Читая письма о быте и бытии, о театре и околотеатральных страстях с 1959 по 1995 год, мы видим, как ускоряется время, меняется жизнь. И одновременно — как она идет по кругу, возвращаясь к проклятым вопросам. Не только имена героев, но и некоторые темы пронизывают весь альманах и делают его единым целым. Пожалуй, главная из них — судьба редакции журнала «Театр», угроза увольнения или мысли об уходе его лучших сотрудников, жесткое и жестокое осознание границ возможного, цена компромисса — все то, что роднит этот исторический альманах с нашими днями.
ЧЕЛОВЕЧЕСКИЙ ГОЛОС,
или ИСТОРИЯ ОДНОЙ ПУБЛИКАЦИИ
«Я никогда не видел более великой актрисы, чем Вы», — писал Алисе Коонен Жан Кокто. Он и прислал Коонен «Человеческий голос», который она перевела сама, чтобы исполнить — в своей новой жизни, где больше не было любимого человека и ее театра. Зато появилась миссия — отвоевать Камерный театр у забвения, отмыть от несправедливых упреков, перевести как можно более точно театральную магию на язык исследовательского текста, поддержать негаснущий огонек интереса у молодых коллег.
«Человеческий голос», где женщина отвечает по телефону невидимому собеседнику, — идеальный образ для легендарной одинокой актрисы, которая ради чего-то пережила и мужа-режиссера, и главное дело своей жизни. И подходящий образ для публикации писем к своему далекому (от Москвы до Ленинграда почти невозможно доехать без поддержки, особенно когда нестерпимо болит нога, да и с такси в Ленинграде трудно), но близкому по духу другу Науму Берковскому.
Можно идти за текстом «Мнемозины» путем «Улисса» — постоянно обращаясь к сноскам и комментариям. А можно — путем самих публикаторов, которым досталась пачка писем великой «Алисы-актрисы» (из домашнего архива дочери Берковского Марии Виролайнен). Разложить их в хронологическом порядке, перепечатать, разбирая «морской», «ужасный, но любимый» почерк актрисы, по которому можно создать портрет — «великой обольстительницы, которой только поверишь, как она тут же расходится морскою пеною, где строка, где волна, где пена, так и не будет тебе дано понять» (как пишет Берковский, чей почерк, впрочем, тоже давал его эпистолярной собеседнице повод для шуток). Разложить, как черепки на раскопках, и попытаться воссоздать по ним картину происходящего. А потом достроить что возможно с помощью кропотливейшей работы (комментарии не менее ценны и порой превышают объем самих писем).

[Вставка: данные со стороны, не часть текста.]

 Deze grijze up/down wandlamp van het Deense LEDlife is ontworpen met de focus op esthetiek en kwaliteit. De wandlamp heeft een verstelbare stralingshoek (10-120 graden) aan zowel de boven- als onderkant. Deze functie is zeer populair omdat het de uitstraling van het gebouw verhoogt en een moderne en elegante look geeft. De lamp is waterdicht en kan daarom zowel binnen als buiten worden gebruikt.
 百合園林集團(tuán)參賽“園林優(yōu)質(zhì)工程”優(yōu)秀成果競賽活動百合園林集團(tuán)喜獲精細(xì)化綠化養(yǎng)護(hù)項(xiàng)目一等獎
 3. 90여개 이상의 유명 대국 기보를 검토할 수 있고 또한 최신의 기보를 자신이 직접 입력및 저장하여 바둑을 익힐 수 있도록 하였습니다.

Сквозная тема первой части «Мнемозины» — вступительная статья Наума Берковского к сборнику режиссерского наследия А. Я. Таирова. Две публикации о Камерном театре, присланные Берковским Таирову еще в 1947 году, положили начало его общению с Таировым и Коонен — общению, которое позднее станет для одинокой Алисы Георгиевны необходимым как воздух. На эту тему нанизано многое. Болезни возрастные и приобретенные. Одиночество, несмотря на кажущееся обилие общения. Подготовка редких творческих вечеров. Записи пластинок (от Блока до… Юнны Мориц, из молодых авторов). Размышления о зарубежных коллегах (по признанию современников, Софи Лорен в «Любви под вязами» уступила Коонен пальму первенства). Быт в Москве и в «избушке» во Внуково (полноценную дачу Таиров и Коонен так и не построили, довольствовались типовым домиком). Личная Голгофа — необходимость писать мемуары, писать самой, писать с помощником («легче сыграть пять ролей, чем написать одну статью»), сохранить хотя бы в слове то, что было сутью Камерного театра.

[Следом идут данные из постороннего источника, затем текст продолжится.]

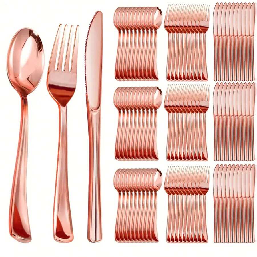 مجموعة أدوات المائدة بلون الذهب الوردي 150/75/50/30/25/15/10/2 قطعة، شوك السلطة وملاعق، مناسبة للكيك والحلويات والسلطات والبرغر، رائعة لحفلات عيد الميلاد والأعراس والمطاعم والحفلات المناسبات، ديكور عيد الميلاد وعيد الشكر والسنة الجديدة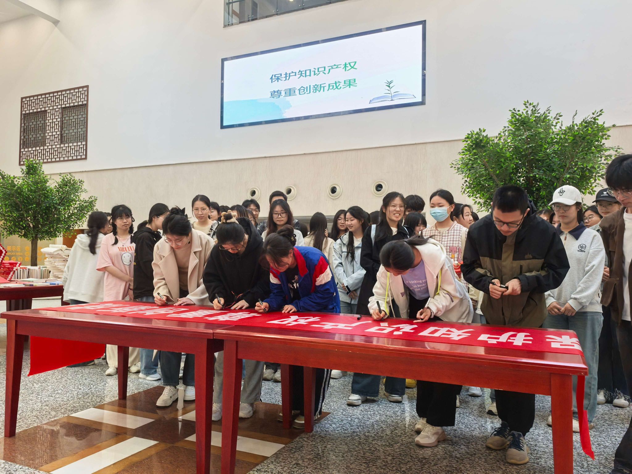 为迎接第25个世界知识产权日,4月25日下午,科学技术处联合图书馆、大学科技园在图书馆二楼大厅举办知识产权展览签名活动。科学技术处副处长陈林与师生代表参与现场互动,并在“保护知识产权,尊重创新成果”的横幅上签名。

Между идеей создания такой статьи Берковского о Камерном театре (родившейся у Алисы Коонен) и ее публикацией в окончательном варианте прошло около десяти лет. Первый вариант статьи («плод более чем годовых усилий») был готов в 1962 году. Берковский сначала отказывался, «предвидя уже тогда, какие судьбы ждут искренне написанную работу о Таирове и о Камерном», но все же согласился ради Коонен.

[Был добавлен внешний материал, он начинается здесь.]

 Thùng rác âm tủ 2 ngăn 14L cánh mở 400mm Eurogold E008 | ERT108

В 1968 году стало окончательно ясно, что статью выкидывают из будущего сборника (события этого года в письмах не упоминаются, но даже судьба театроведческой исторической статьи — свидетельство, что в стране сильно похолодало). Коонен узнала об этом случйно — из телефонного разговора. «Это было так ошеломляюще — как внезапный удар в спину. Если бы у меня была физическая возможность поехать в Ленинград, побыть около Вас, поплакать», — горевала она. В этот временной зазор провалились годы более чем неторопливой работы над сборником, путешествия вариантов статьи между столицами (одно такое затянулось на год), перестановки редакторов, их болезни (в том числе известная русская), инфаркт Берковского, переносы публикации, интриги, начало работы над другими изданиями, попытки добиться высшего заступничества (у председателя ВТО Михаила Царева), требования сокращений…
Статья увидела свет в другом издании — сборнике статей Берковского «Литература и театр», вышедшем за год до таировского. Рукописи, видимо, и впрямь не горят, но их путь на свет, к читателям бывает невыносимо мучительным. Один из таких драматических эпизодов — конфликт между Коонен и Берковским, умело раздутый третьими лицами, намекавшими литературоведу, что противницей статьи была сама актриса. И — ранящая обоих, болезненная для каждого, но удавшаяся попытка объясниться и спасти если не статью, то свою дружбу. Один из этапов такого объяснения — письмо Берковского, опубликованное в комментариях, попытка объяснения самоцензуры: «Но есть еще один адрес моей работы — печать… Многое, чего бы Вы не хотели видеть в моем сочинении, включено в него именно ввиду этого особого адресата». Это «многое» — обязательная, как цитаты Ленина в любой научной работе, критика в адрес Камерного театра.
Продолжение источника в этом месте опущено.